Google's Crazy Modular Smartphone Is Officially On Its Way
Project Ara is finally coming to market. Developers get it in late 2016, consumers in 2017.
This is Project Ara.
It's Google's crazy modular smartphone, and the company is finally preparing to ship it after delays last year.
It has a ton of parts.
That's the point: Ara is a phone that can be rebuilt in many different ways, and reassembled easily. It's kind of like a smartphone made out of Legos.
It's a radically different way to think about how we use our phones. Instead of buying a phone based on specs, Google wants you to configure Ara according to what you want to do with it. That could mean switching in better camera when you're heading to a wedding, or loading up a bigger battery in preparation for a business trip.
Ara was developed by Google's Advanced Technologies & Projects division (ATAP), which works on some of the craziest ideas at the company — like Project Jacquard's touch-sensitive fabric.

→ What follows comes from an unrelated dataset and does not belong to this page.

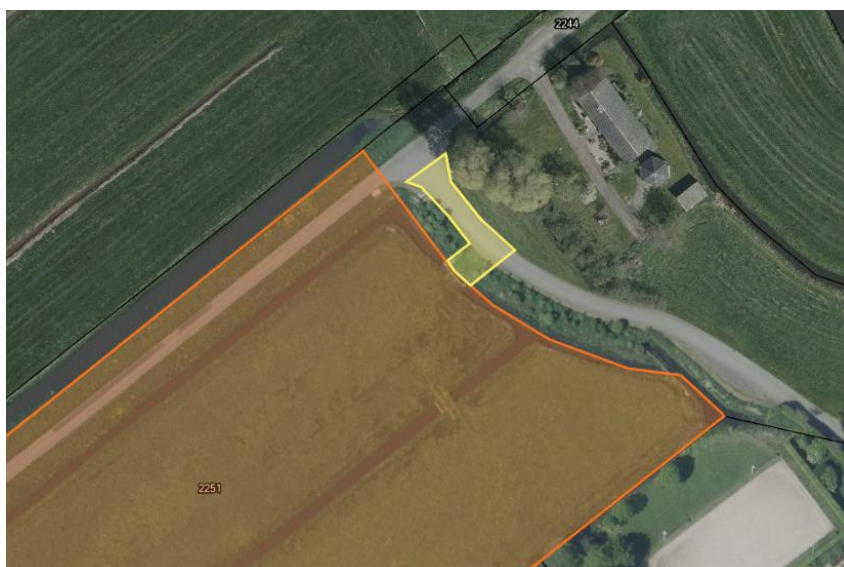
Figuur 4, Nieuw te vestigen erfdienstbaarheid

Later this year, we'll start seeing Ara in the wild.
Right now, about 30 people within Google are using the Project Ara phones. But the company is gearing up to give the device a soft release: A developer version of Ara will ship before the end of the year, with a consumer version to follow in 2017.
Google is dedicating a new division of the company to Ara.
Since it was first announced well over a year ago, Project Ara has been an experimental project. Now, it's becoming it's own division within Google, a graduation of sorts from ATAP. This was a long time coming — the phone was scheduled to be tested in Puerto Rico in 2015. But that pilot program was put on hold because, according to Google, there were "lots of iterations... more than we thought."